Suriye topraklarına operasyon ve savaş, saldırı politikaları
Sendikamız sermaye devletinin uluslararası yağma savaşından pay kapmak ve bu arada Kürt halkının Suriye topraklarındaki mevcut kazanımlarını ortadan kaldırmak hedefi güden askeri operasyonun tamamen karşısındadır. AKP hükümetinin kendini kurtarma istem gayesine dayandığı açık olan ve bin bir yalanla biz işçi emekçilere pazarlanmaya çalışılan bu girişimin Ortadoğu haklarına daha fazla ve kan ve gözyaşı getirmek dışında bir sonucu olmayacaktır. Tüm Ortadoğu halklarının kardeşçe ve barış içinde bir arada yaşamasının ancak ezilen halklar ve işçi sınıfının ortak mücadelesinin ürünü olarak gerçekleşebileceğine inanan sendikamız; işçi sınıfı ve emekçileri bu operasyonda dâhil olmak üzere Ortadoğu’ya yönelik her türlü savaş ve saldırganlık politikalarına karşı çıkmaya, Kürtler dâhil olmak üzere bütün ezilen halkların kendi kaderini tayin hakkına saygı göstermeye çağırmaktadır.
- Süre giden Kürt sorununu işçi sınıfı ve emekçileri bölmenin, şovenist politikalarla onun bilincini ve ortak mücadelesini sekteye uğratmanın bir aracı olarak kullanan sermaye çevrelerinin ve siyasal iktidarın operasyon vesilesiyle bu çabasına daha da hız verdiği görülmektedir. İşbirlikçi basının katkılarıyla sürdürülen bu bölücü, ırkçı, şovenist kampanyalarının geçmiş dönemlere göre daha başarısız ve etkisiz kaldığı fabrikalardan yansıyan somut gözlemler üzerinden görülebilmektedir. Önümüzdeki dönem boyunca çalışma yürütülen bütün alanlarda bu şovenist politikalarının karşısına işçilerin birliği halkların kardeşliği şiarını rehber edinerek çıkmak dönemin en başlıca görevlerinden biridir.
- Sermaye sınıfı ve AKP iktidarı kendi yayılmacı politikalarının ürünü olan savaşın tüm faturasını biz işçi emekçilerin sırtına yıkmayı hedeflemektedir. Savaş politikalarının ekonomik ve sosyal sonuçlarının döne döne işlenmesi diğer önemli bir görev alanı olarak önümüzde durmaktadır.

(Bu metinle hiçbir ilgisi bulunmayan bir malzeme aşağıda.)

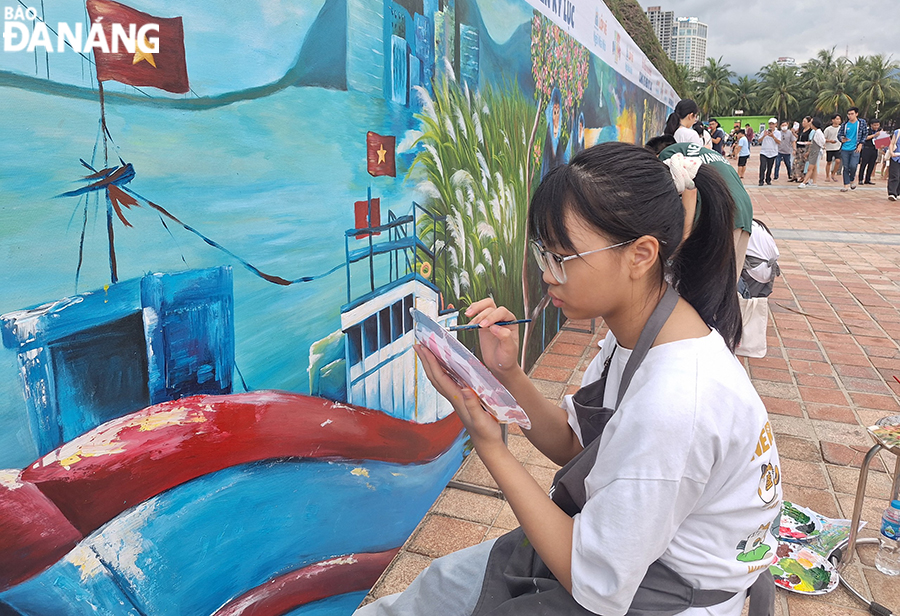 Children participating in painting activities to create a realistic painting with the theme “Da Nang and tourists draw a record together”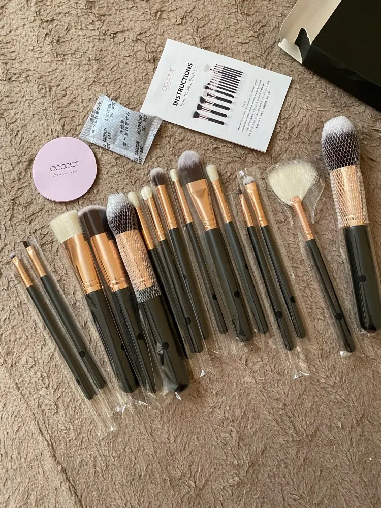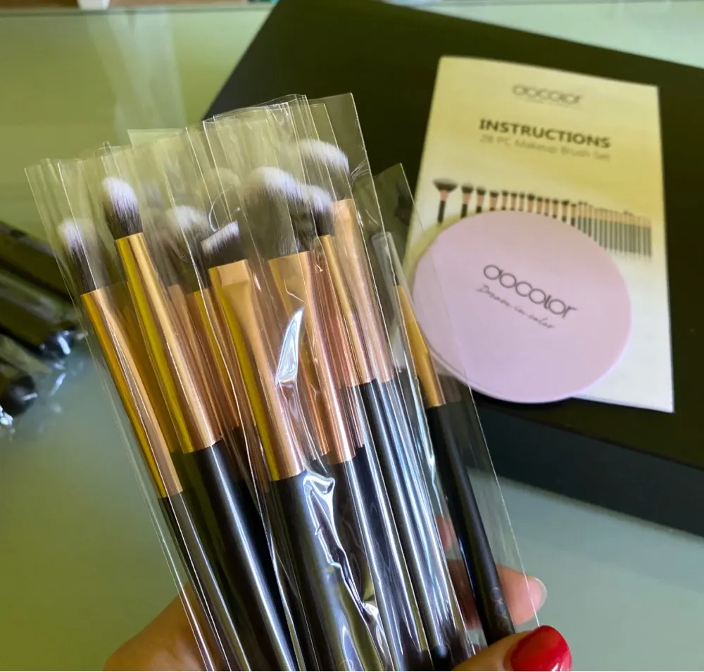 Все подошло очень хорошо упаковано и в хорошем состоянии! Доставка была доставлена очень быстро в мою страну, и не было щёток, на самом деле набор из 28 шт. очень полный, и кисти отличного качества, Я уже использовал их немного (Вот почему фотографии выглядят немного окрашенными), и они не дали проблему! Больше ничего не сказать, Они идеальны! Мне они понравились! <3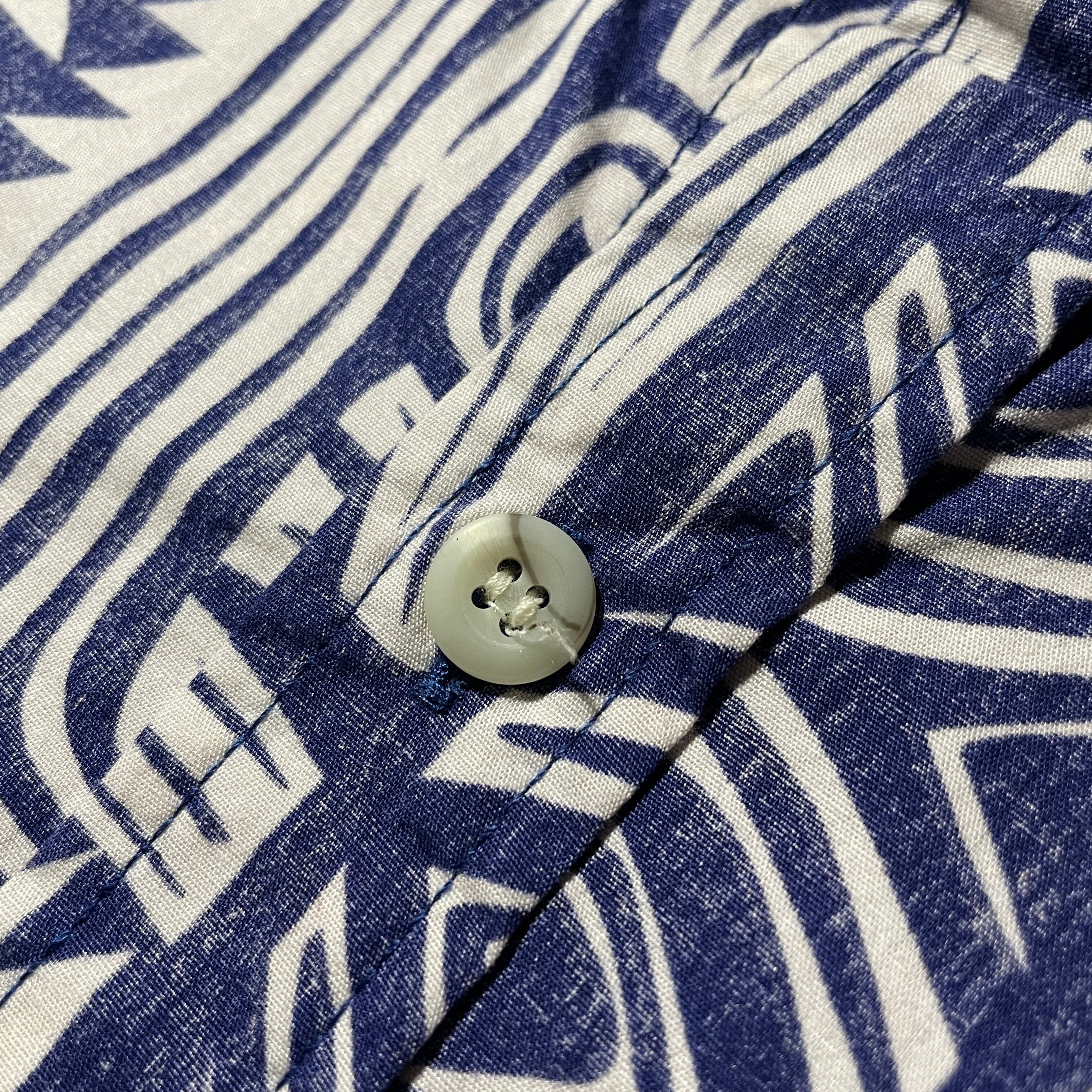 シルクアイテムの多いブランドですがこちらはコットン100%のアロハ。カラーはブルー。reyn spoonerの裏地アロハ的な感じでアロハが苦手な人にも着用しやすいデザインかと。

Ekonomik kriz ve asgari ücret tartışmaları
- Hükümet çevrelerinin tüm açıklamalarının aksine ekonomik kriz derinleşerek sürmektedir. Krizin faturasını işçi sınıfı ve emekçilerin sırtına bindirmeye yönelik politikaları aralıksız olarak sürdüren hükümetin açıkladığı yeni ekonomik program ve gündemde olan diğer saldırı başlıkları bunun en temel göstergesidir. Sendikamız kriz sürecinin başından itibaren gerek tek tek örgütlenme çabaları ile gerekse geniş sınıf kitlelerine dönük aydınlatma ve bilgilendirme çalışmaları krizin sonuçlarına karşı mücadeleyi büyütmeye çalışmaktadır. Önümüzdeki dönem ile ilgili olarak kullanılan araçların çeşitlendirilerek yaygınlaştırılması tek tek örgütlenme çabalarına da bu doğrultuda ağırlık verilmesi karar altına alınmıştır.
- Meclisin yeniden açılması ile birlikte gündeme gelen asgari ücret tartışmaları mevcut kriz koşullarında en önemli gündemlerden biri olarak öne çıkmaktadır. Milyonlarca işçiyi ilgilendiren asgari ücret süreci dönem boyunca özel bir çalışmaya konu edilecektir. Yaygın ve etkin bir bilgilendirme çalışmasının yanı sıra bu süreç boyunca tek tek işletmelere dayalı özel çalışmalarının ön plana alınması alınan kararlardan bir tanesidir. Aynı zamanda sendikamız asgari ücret döneminde sınıfın tabana dayalı talep ve istemlerinin sürece hakim kılınması için de imkânları ölçüsünde çaba gösterecektir.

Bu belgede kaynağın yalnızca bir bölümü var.